He bent his head down momentarily and then raised it to brace himself for the verdict and the sentence. "Guilty."

"Forty-four years in prison," a staggering reality for a teenage refugee, who thought he would be released because of his age and background. All his dreams and hopes for his life, wiped away at the stroke of the judge's pen. His only hope now is in the appeals process, which often results in greatly reducing the sentence.

We were stunned. After visiting him in the jail the day before the trial, and hearing the agonizing story of his family fleeing death threats in their home country, I felt a deep pain and grief.

His crime: human smuggling. He had driven the small dinghy boat transporting forty other refugees from Turkey to Lesvos, Greece in order to pay for his family's passage and was caught by the Greek coast guards.

For six hours in the courtroom, one man after another faced the judge. Some of the men were refugees, but most were young Turkish men who took the job in order to get out of a personal financial crisis. Their lives are over. Our hearts bottomed-out. Prosecutors stridently insisted that they each get the maximum penalty for their crime, which by Greek law is a fine plus 15 years in prison for each person in the boat, whose life they endangered. Some of the men got over a 100-year sentence, but the maximum that any will serve is 25. Defense lawyers pled sincerely and compassionately for leniency for their clients. But she remained cold toward the accused. The judge's demeanor and the harshness of Greek law repulsed me. Our lawyer also felt shocked and told us she had never seen a judge in this court be so inflexible and harsh in her rulings as today.

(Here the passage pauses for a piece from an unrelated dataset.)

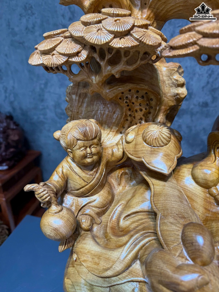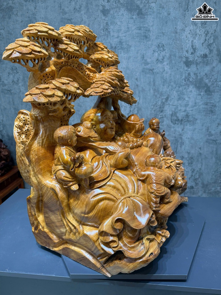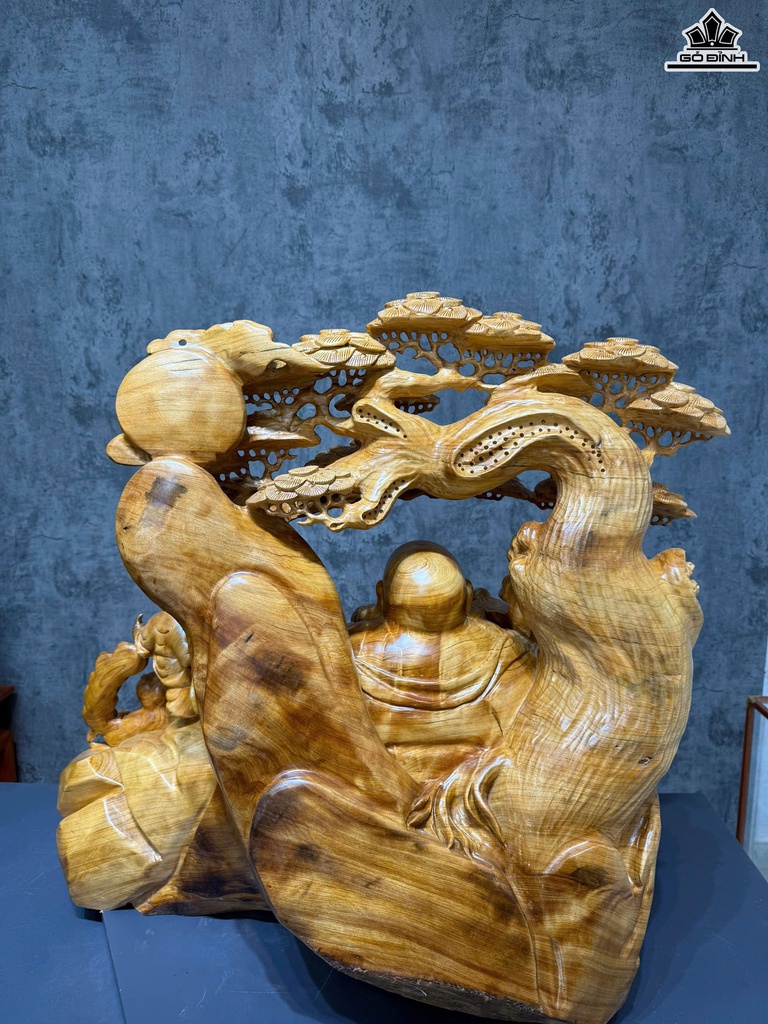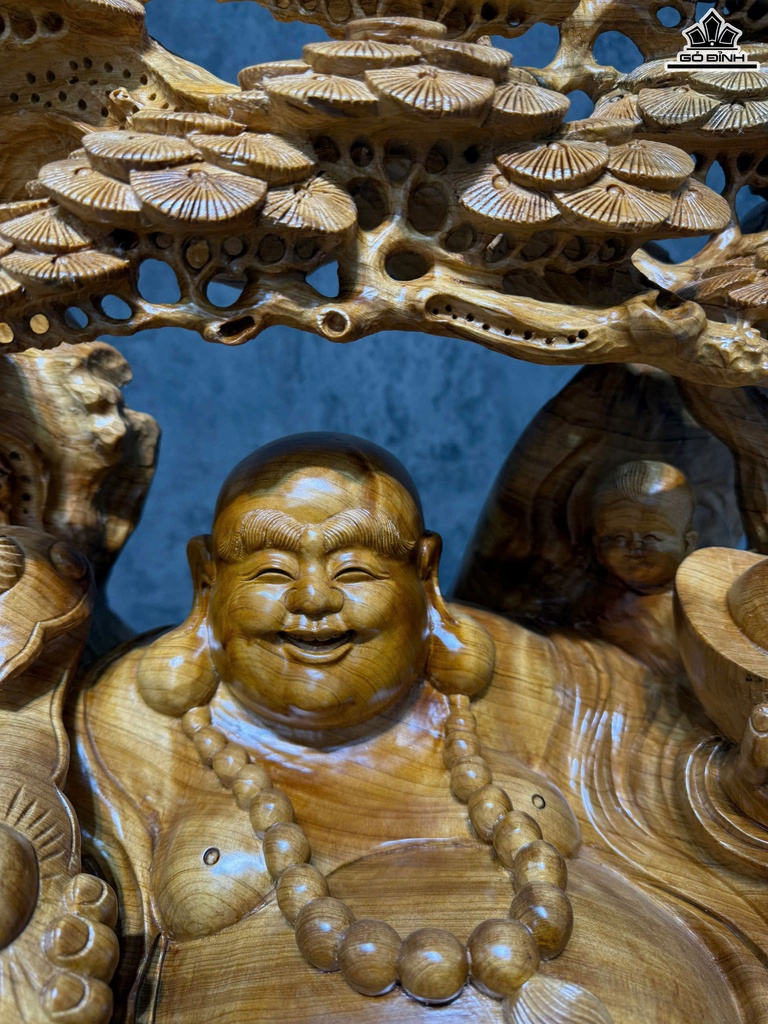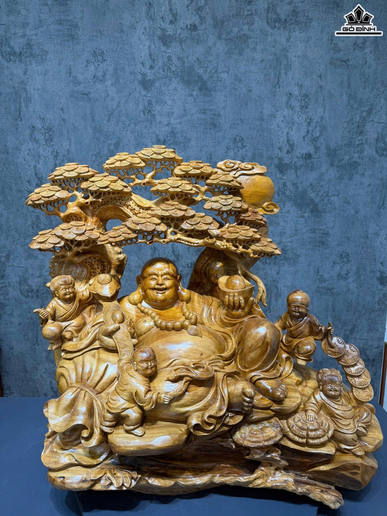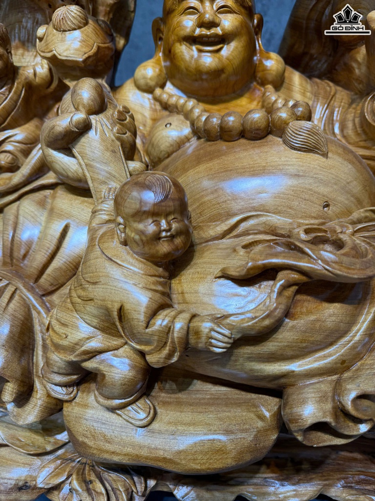 Tượng Phật Di Lặc Ngũ Phúc Gỗ Ngọc Am Cao 75 Ngang 71 Sâu 51 (cm)

No one in the courtroom supported people making immense profits from smuggling refugees in unsafe boats. It's a horrendous crime against these vulnerable and desperate people. But the people on trial in this courtroom were not the people running these illegal businesses and getting rich. These were the young, desperate men they hired or bargained with to take the legal risk of driving the boats without understanding the potential consequences of their actions. And so the laws and prosecutions against human smuggling are not deterring this crime. They are not addressing the governmental regulations that push desperate people to choose illegal and unsafe ways of reaching a safe place to live.

One can choose to look at the men on trial through the eyes of 'law and order'. Or, one can choose to look more deeply at the injustices that the system smoothes over and tries to hide, and at who profits from the law. We can choose to see the humanity of these men who are the victims of our global wars and intervention and seek to address the root causes of their illegal activity. We can provide safe and legal passage and repatriation for people fleeing violence, and dry up the human trafficking of refugees. The hardest task, though, is for our societies to find and see new, compassionate ways of living in our global world and ways of preventing these crises.

At times like this, words I grew up hearing come back to me, "He/she who has eyes, let them see."